1) negative values and 0.0 and 0 give the following reasonable message:
    'Input check failed. Parameter "max_t_step" must be > 0: max_t_step = 0'
2) instances different from positive floats give a reasonable message, e.g.:
    'Input check failed. Parameter "max_t_step" must be a number: max_t_step = <class \'str\'>'
3) 1e-4, 1e-3,1e-2,1e-1...1e1 all the way upto 1e8 works.

#c5f015 [PASS] print_t:

    1) True and False works. Instances besides boolean return a reasonable message:
        'Input check failed. Parameter "print_t" must be a boolean: print_t = <class \'float\'>'

    Notes: We should make the printed values more readable for the user with this variable is
        set to true

#c5f015 [PASS] tolerance:

    1) values other than float produce a reasonable message, e.g.:
        'Input check failed.
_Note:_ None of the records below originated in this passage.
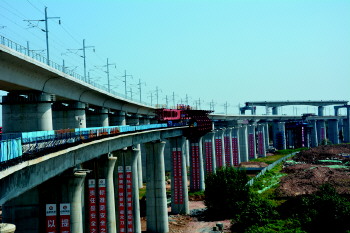 今年4月初,山东省首台套上行自行式移动模架在山东海德重工有限公司成功下线。7月正式应用于济南枢纽优化提升相关工程的施工,相比传统施工模式,该移动模架的应用在降低成本、缩短工期、增强安全性等方面取得了创新突破,填补了山东省在高铁施工的空白。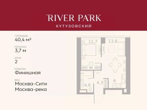 Продается 1-к квартира площадью 40.4 кв.м. на 2-м этаже в жилом комплексе премиум-класса River Park Кутузовский в Башне Topaz Tower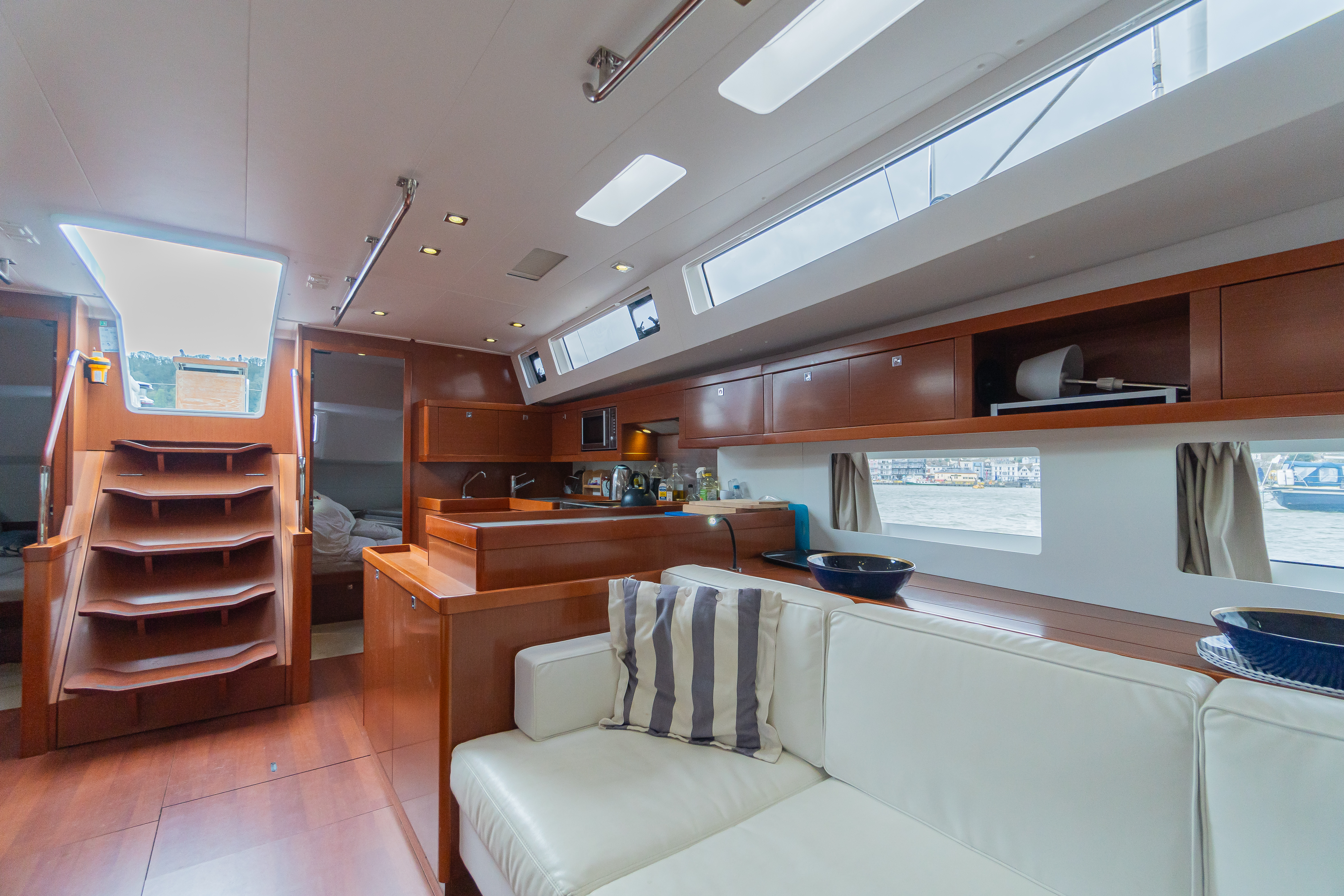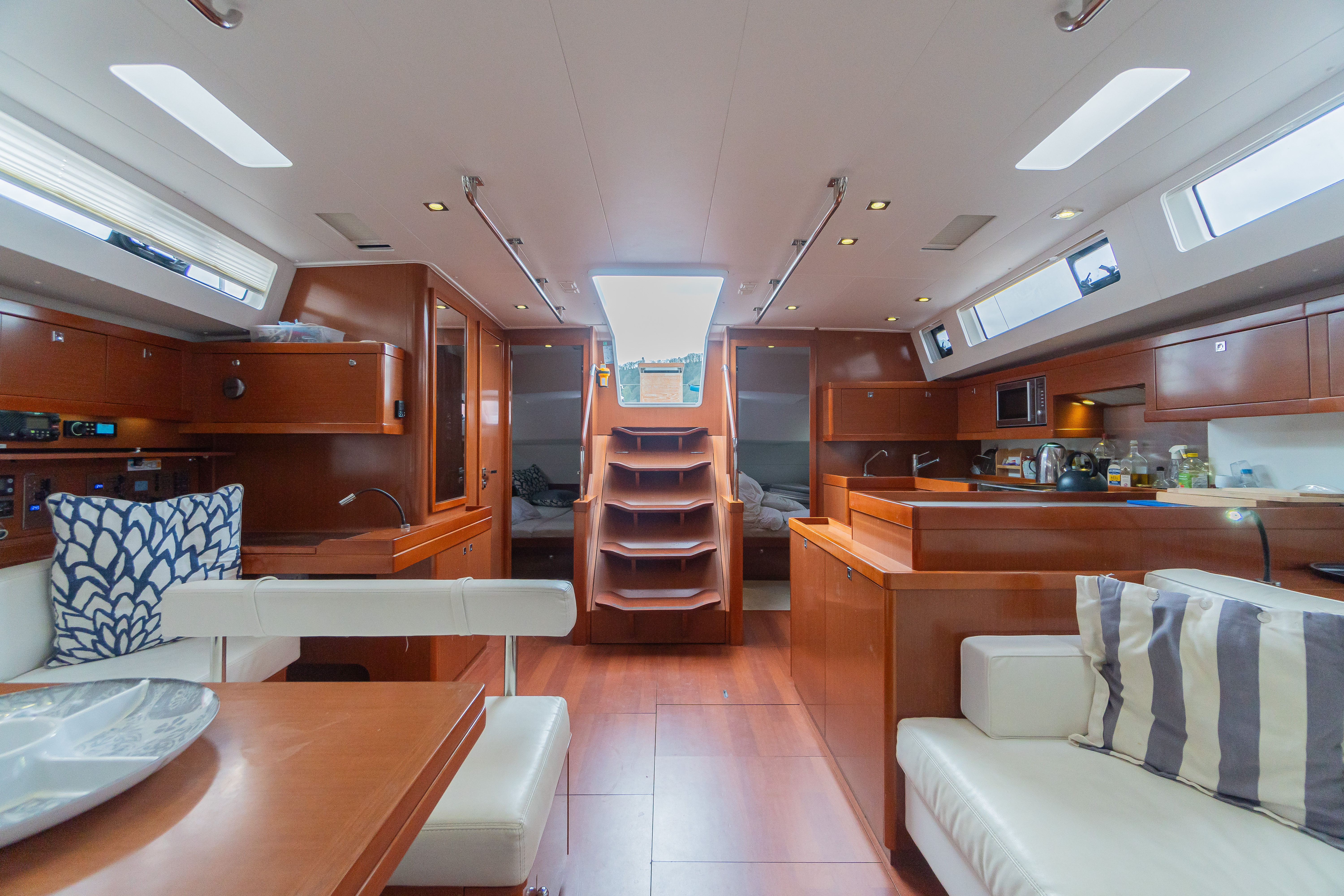 The Beneteau Oceanis 55 is a yacht designed for big adventures and set up to enable short handed sailing with a comfortable deck layout, balanced sail plan and large safe cockpit including all controls within reach of the helm. Interior comfort is high level with three spacious cabins, a large saloon with well equipped galley and lots of glazing throughout to create naturally well lit spaces.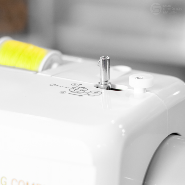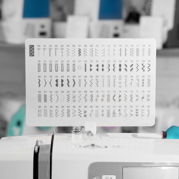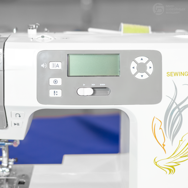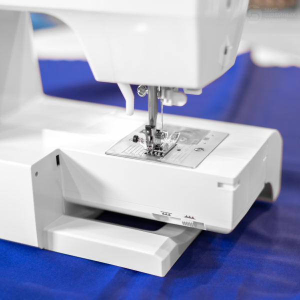 Конструкция машины включает горизонтальный челнок и классический нитевдеватель, есть рукавная платформа и подсветка светодиодом. Среди выполняемых операций предусмотрено семь видов прорезной петли, а также символы английского алфавита и цифры. На экране будут видны выбранные настройки. Кнопки на корпусе позволяют регулировать скорость строчки, начинать работу без педали, позиционировать иглу и выполнять реверс.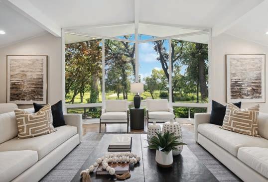 • Elegant living room with cathedral ceilings, hardwood oors, and oor-to-ceiling windows.

Parameter "tolerance" must be a float: tolerance = <class \'bool\'>'
    2)  Negative floats are handled appropriately, returning the following message:
        'Input check failed. Parameter "tolerance" must be > 0: tolerance = -1.0'
    3) Tolerance works well between 1e-10 and 1e10, so long as the input is a float. 

#f03c15 [FAIL] resolution:

    1) negative values and instances other than floats are handled appropriately e.g.:
            'Input check failed. Parameter "resolution" must be > 0: resolution = 0'
    2) 1e-5 fails.
    3) 1e-4 and higher values work. I haven't found a reasonable upper limit.

    Notes: Need to handle #2 for this to pass.

#c5f015 [PASS] seed:

    1) None works. Negative and floating values are handled appropriately. e.g.
           'Input check failed. Parameter "seed" must be either None or an integer: seed = <class v 
             \'float\'>'
    2) positive integers work well

    Notes: We should probably impose lower and upper limits on this parameter. Right now I couldn't
    find a reasonable upper and lower limit.

Need to test the following parameteres

num_posterior_samples:
sample_only_at_l_star:
max_log_evidence_ratio_drop:

Each of the methods in the suftware child classes will also be functionally test.

The skeleton code used for these tests is:

import numpy as np
import matplotlib.pyplot as plt
import sys
import suftware as su
data = su.simulate_density_data(distribution_type='gaussian',N=100)
Q = su.Density(data)
jbkinney commented 6 years ago

@atareen Fixed issue with grid

jbkinney commented 6 years ago

@atareen Fixed grid_spacing issue Fixed num_grid_points issue Fixed bounding_box issue. Let's not worry about [False, True] working.

atareen commented 6 years ago

@jbkinney : Very nice. alpha = 1 and num_grid_points = 2 is failing still.

I like the updated error messages.

atareen commented 6 years ago

All functional tests are passing so I am closing the issue.